David W. Carey
About David W. Carey
David W. Carey (age 80) is an independent director of Leonardo DRS, Inc. since 2009 and currently chairs the Government Security Committee; he also serves on the Audit and Nominating Committees. Carey’s 32-year CIA career culminated as Executive Director prior to 2001, followed by senior roles in information assurance at Oracle and executive leadership at Blackbird Technologies, bringing deep national security, compliance, and government risk oversight expertise to DRS’s board .
Past Roles
| Organization | Role | Tenure | Committees/Impact |
|---|---|---|---|
| Central Intelligence Agency | Executive Director; senior positions across 32-year career | Until 2001 | Led high-level operations; national security governance |
| Oracle Corporation | Vice President, Information Assurance | 2001–2005 | Enterprise security, compliance, risk mitigation |
| Blackbird Technologies, Inc. | Executive Director | 2005–2008 | Government services and defense technology execution |
External Roles
| Organization | Role | Tenure | Committees/Impact |
|---|---|---|---|
| ImageWare Systems, Inc. (OTCQB: IWSY) | Director | 2006–2020 | Public company governance |
| OnPoint Consulting, Inc. | Board member | 2009–present | Business development; government services |
| Informatica Federal Operations Corp. | Board member | 2015–present | Federal operations oversight |
| Qinetiq North America | Board member | 2014–2019 | Defense sector strategy |
| Recorded Future Inc. | Advisory Board member | 2011–2019 | Intelligence analytics advisory |
| CIA Officers Memorial Foundation (non-profit) | Board member | Until 2022 | Non-profit governance |
Board Governance
- Committee assignments: Audit (member), Government Security (Chair), Nominating (member) .

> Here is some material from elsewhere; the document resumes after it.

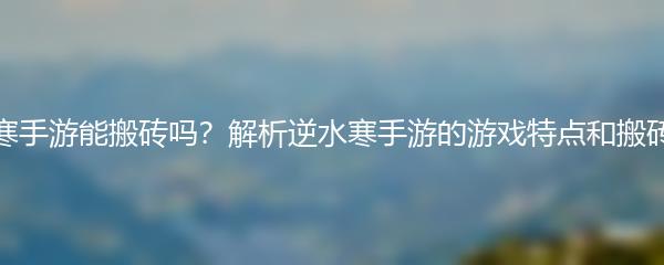 逆水寒手游作为一款备受热爱玩家追捧的武侠类手游,因其精美的画面、丰富的剧情和深度的游戏玩法而深受欢迎。那么,逆水寒手游真的可以通过搬砖来获得游戏收益吗?下面就让我们来解析逆水寒手游的游戏特点和搬砖方式。

- Independence: Board determined Carey is independent under Nasdaq rules; all Audit and Compensation members meet heightened independence standards .

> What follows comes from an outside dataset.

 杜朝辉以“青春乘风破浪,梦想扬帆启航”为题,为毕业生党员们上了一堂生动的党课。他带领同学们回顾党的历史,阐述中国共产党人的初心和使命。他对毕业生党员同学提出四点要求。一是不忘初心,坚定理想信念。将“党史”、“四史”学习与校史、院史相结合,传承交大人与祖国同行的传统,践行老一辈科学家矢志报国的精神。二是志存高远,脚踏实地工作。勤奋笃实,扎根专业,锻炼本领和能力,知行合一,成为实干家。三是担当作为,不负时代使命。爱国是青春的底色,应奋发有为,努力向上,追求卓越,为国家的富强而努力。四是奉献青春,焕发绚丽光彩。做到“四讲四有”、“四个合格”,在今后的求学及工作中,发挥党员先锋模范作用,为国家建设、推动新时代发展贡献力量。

- Attendance and engagement: Board met nine times in 2024; all directors attended ≥90% of Board and committee meetings and all nine attended the 2024 annual meeting .
- Government Security oversight: As Chair, Carey oversees FOCI mitigation, classified information safeguarding, ITAR/EAR/NISPOM compliance per the Proxy Agreement .
- Proxy holder status: Carey is one of five DoD-approved proxy holders (term 1/1/2023–3/31/2026) voting the controlling shareholder’s stock under the Proxy Agreement .
| Committee | Role | 2024 Meetings | Notable Oversight |
|---|---|---|---|
| Government Security | Chair | 4 | FOCI mitigation, classified info protection, ITAR/EAR/NISPOM compliance |
| Audit | Member | 8 | Financial reporting, auditor oversight, internal controls |
| Nominating | Member | 4 | Governance, independence, related-party transaction review |
Fixed Compensation
| Year | Cash Retainer ($) | Chair Retainer ($) | Lead Director Retainer ($) | Meeting Fees | Notes |
|---|---|---|---|---|---|
| 2024 | 100,000 | 40,000 (committee chair) | 40,000 (Lead Director; not applicable to Carey) | None | Paid quarterly; no meeting fees |
| 2025 Program | 110,000 | 20,000 (committee chair) | 40,000 | None | Ownership guideline raised to 5x cash retainer |
2024 Director pay (Carey):
- Fees earned: $140,000 (base + chair)
- All other compensation: $4,214 (reimbursements under policy)
- Total cash/other: $144,214
Performance Compensation
| Item | Grant Date | Type | Shares/Units (#) | Grant Date Fair Value ($) | Vesting |
|---|---|---|---|---|---|
| Annual Equity Retainer (Carey) | 2024 | RSUs | Not disclosed by count; each director held 6,438 unvested RSUs at 12/31/2024 | 148,010 | One-year vest; scheduled 5/16/2025; subsequent grants after annual meeting each year |
Program features for directors:
- Annual RSU grant value: $150,000 (2024); increased to $160,000 for 2025 .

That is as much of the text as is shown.